[Task to complete]
Everything from the line with "Физические методы исследования" down to the line with "Soldados recorrían las" below must be printed exactly, those two lines included. Exclude pictures.

[Supplied entries]
◆ ◆ ◆ ◆ ◆ ◆ ◆
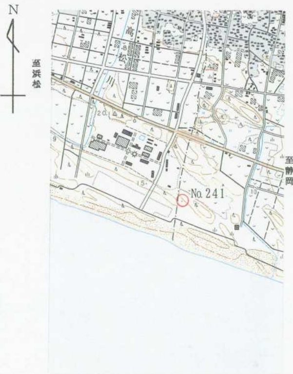
1/25,000 千 浜
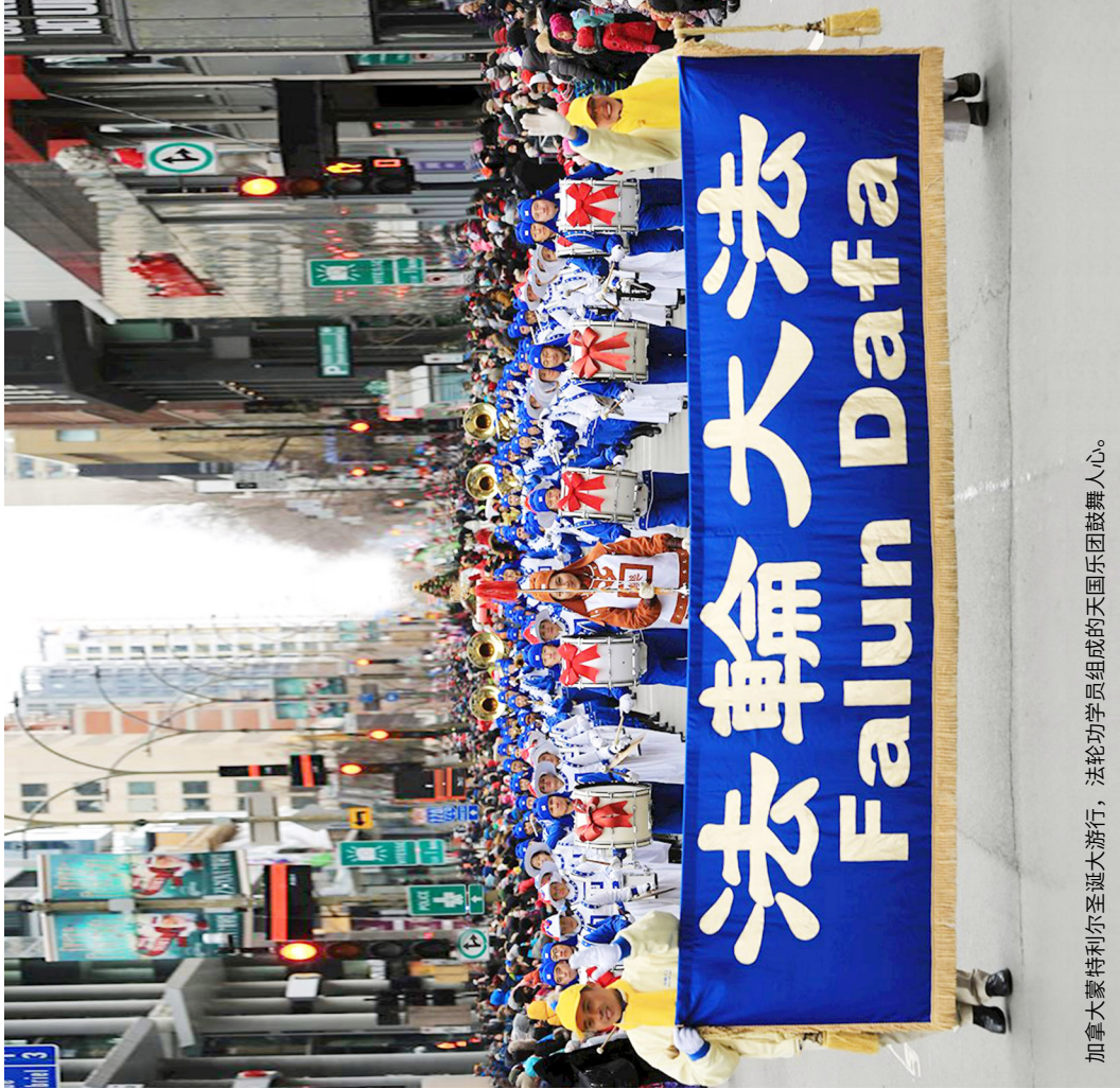
加拿大蒙特利尔圣诞大游行，法轮功学员组成的天国乐团鼓舞人心。
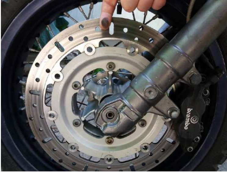
Kuva 1. Harmaan kalvon peittämä liukaspintainen etujarrulevy 29.6.2021.
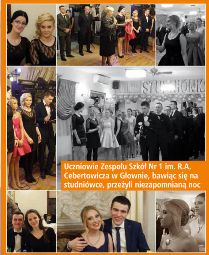
Uczniowie Zespołu Szkół Nr 1 im. R.A. Cebertowicza w Głownie, bawiąc się na studniówce, przeżyli niezapomnianą noc
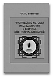
Физические методы исследования в клинике внутренних болезней
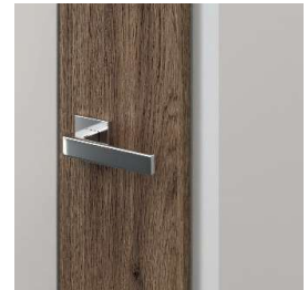
kľučka ELEGANTO, model 4.A
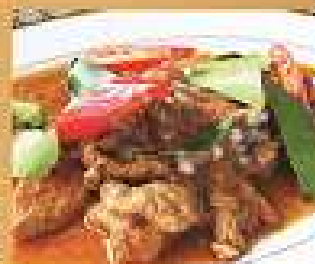
51. พะแนงเนื้อ / กุ้ง 280/420/560 Beef or shrimps in coconut curry paste
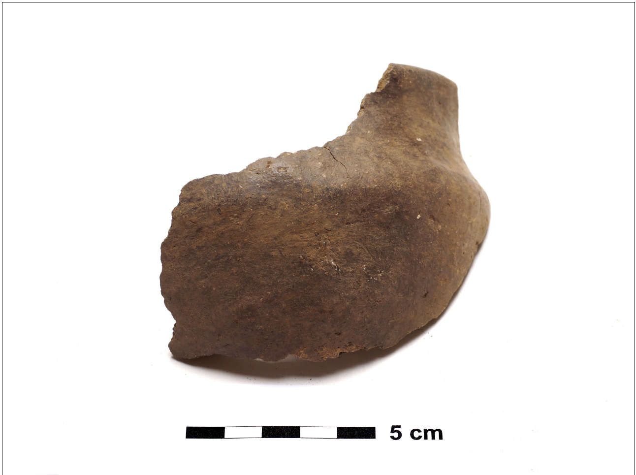
Figuur 8.1.4.4. Eelde, Groote Veen. Vondstnummer 2888/451, randscherf type G3, midden tot late ijzertijd (chrono-groep 4).
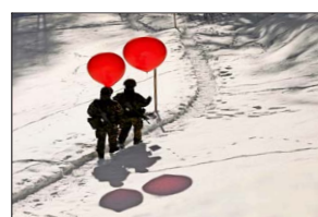
Soldados recorrían las inmediaciones del encuentro en Davos llevando globos rojos.

Chile con personas que tienen inversiones en nuestro país, y otros que prestan servicios profesionales a los empresarios criollos y sus empresas en la región. Hay varios motivos para estar orgullosos de nuestro país y para estar optimistas sobre el futuro. En primer lugar, Chile es todavía percibido como la nación con la estructura institucional más estable y fiable para hacer inversiones en todo el continente latinoamericano. Y en segundo lugar, se le reconoce a nuestro país el tener una sociedad con un nivel de educación y capacidades que está muy por encima de las otras partes. De hecho, esta gente ya no asocia a Chile con las realidades político-económicas que son típicas (en el sentido negativo) de la noción de América Latina.
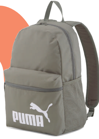
Sirt Çantası Puma 159.90 TL
◆ ◆ ◆ ◆ ◆ ◆ ◆
[Solution to this problem]
Физические методы исследования в клинике внутренних болезней
kľučka ELEGANTO, model 4.A
51. พะแนงเนื้อ / กุ้ง 280/420/560 Beef or shrimps in coconut curry paste
Figuur 8.1.4.4. Eelde, Groote Veen. Vondstnummer 2888/451, randscherf type G3, midden tot late ijzertijd (chrono-groep 4).
Soldados recorrían las inmediaciones del encuentro en Davos llevando globos rojos.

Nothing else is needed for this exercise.